# Great original Postwar Schwinn



## Joe Buffardi (Sep 22, 2014)

Here is a beauty I would like to share with you all that I  picked up on Friday. I was on my way home from work and hit some bad traffic. I got off the freeway and went down an unknown street and found a little shop that had all kinds of oddities and bikes and this Schwinn was all alone in the corner. I could see it peeking out at me and taunting me to take it home with my other bikes. I was sold on it. All original finish untouched paint. The front wheel is incorrect but I have a spare in my shed of parts. 

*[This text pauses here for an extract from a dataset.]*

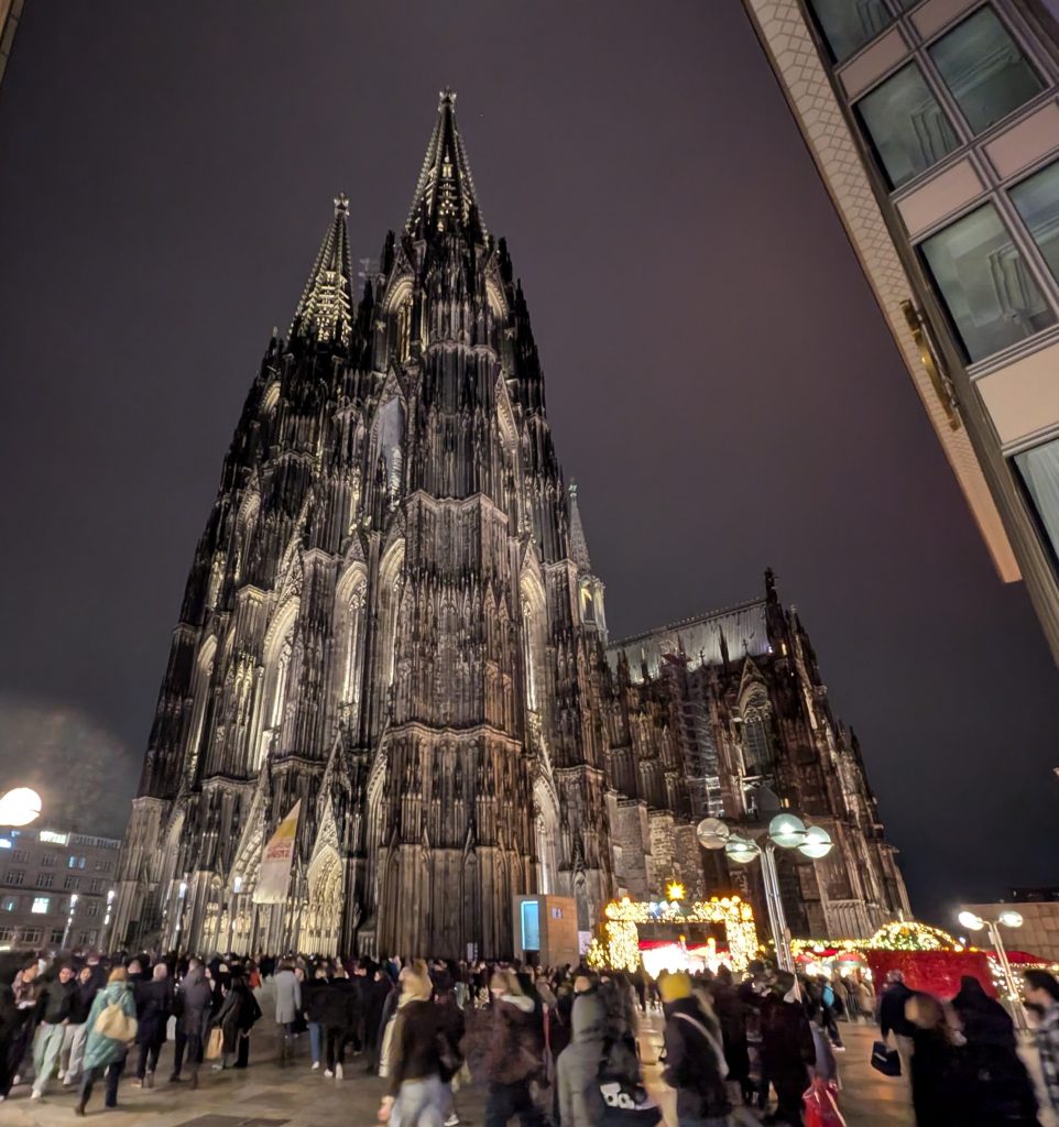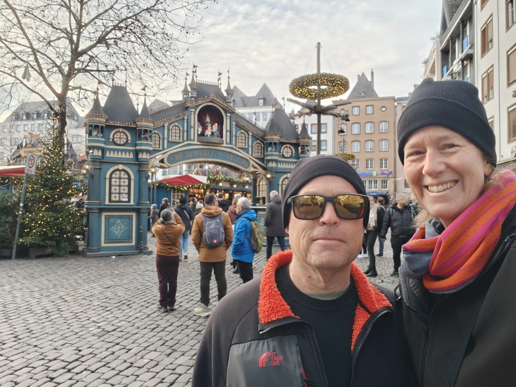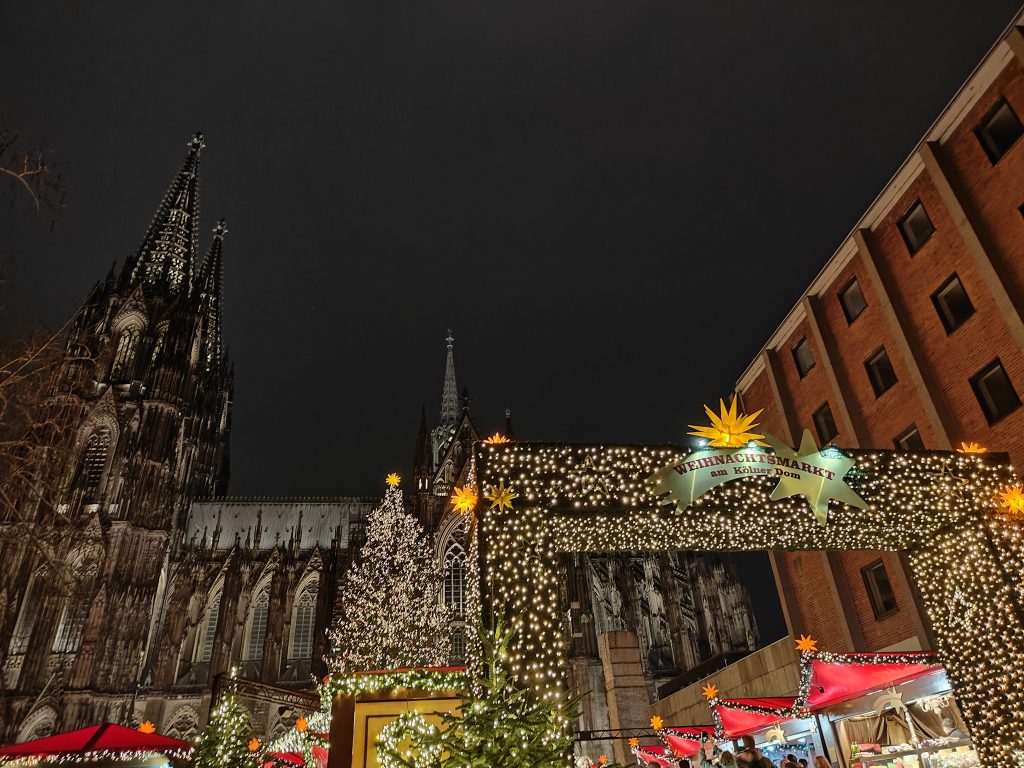 This year for Christmas we decided to head back to England to see Angie’s sister and family. Since their house was being renovated, we only spent the immediate time around Christmas Day and New Year’s with them. The rest of our holiday we traveled elsewhere in Europe, including a quick stop in Cologne at the start of the break. Cologne was a fantastic place to spend a couple of days. The many Christmas markets were so fun to explore! Each one has its own vibe, and we had a blast hanging out in them and enjoying local delicacies with sips of hot wine when we needed to warm up.

By the serial number and parts this a 1948 Schwinn DX model. Check out the bike dealer waterslide on the down tube.

Enjoy!!!


----------



## GTs58 (Sep 22, 2014)

Wow, that is sweet! Are you absolutely sure it's a 52? I'd guess it being a 40's with that serial on the bottom bracket.


----------



## Joe Buffardi (Sep 22, 2014)

*Serial number*

I tried to decode it on a Schwinn website and it came up with 1952. If you have a better way of decoding I'm all ears. It looks like 1948-52 to me. They used the skiptooth sweetheart up to 1954. The head badge is throwing me off, it looks earlier.

Serial# is C40234


----------



## spoker (Sep 22, 2014)

kool bike i really like how the blue color really comes alive


----------



## GTs58 (Sep 22, 2014)

Joe Buffardi said:


> I tried to decode it on a Schwinn website and it came up with 1952. If you have a better way of decoding I'm all ears. It looks like 1948-52 to me. They used the skiptooth sweetheart up to 1954. The head badge is throwing me off, it looks earlier.
> 
> Serial# is C40234





I'm thinking it could be a 47, so maybe the experts will chime in. The serial number look up on schwinncruisers.com is worthless for the older bikes. It may work okay for the 60's and later but I have my doubts.


----------



## Joe Buffardi (Sep 22, 2014)

*Thank you*

Thank you for the heads up on the decoder. I had a feeling it was earlier. I noticed that it didn't have any truss rods. I am not a Schwinn expert at all. I have had a few but all pre-war. This is the newest Schwinn I have. I am still shocked on the condition of the paint. It shines like brand new Nitro cellulose laquer.


----------



## GTs58 (Sep 22, 2014)

Here is the 48 catalog... http://schwinncruisers.com/catalogs/1948.html#d-97x

After you get that all cleaned up I'll send you a pre printed FedX label for the shipping box.


----------



## Joe Buffardi (Sep 22, 2014)

*1948 Schwinn*

Thank you for the great catalog link.


----------



## rollfaster (Sep 22, 2014)

*Congrads..*

On a sweet little dx. That thing is really clean. Not much to do, degrease bearings put on the correct front wheel and a set of matching tires.


----------



## larock65 (Sep 22, 2014)

*Nice bike!*

Nice pick up Joe! 
When you need it to let me know!


----------



## Joe Buffardi (Sep 22, 2014)

*Thank you*

Thank you for all the offers. I am actually building a collection.


----------



## Ozark Flyer (Sep 23, 2014)

57 spitfire said:


> On a sweet little dx. That thing is really clean. Not much to do, degrease bearings put on the correct front wheel and a set of matching tires.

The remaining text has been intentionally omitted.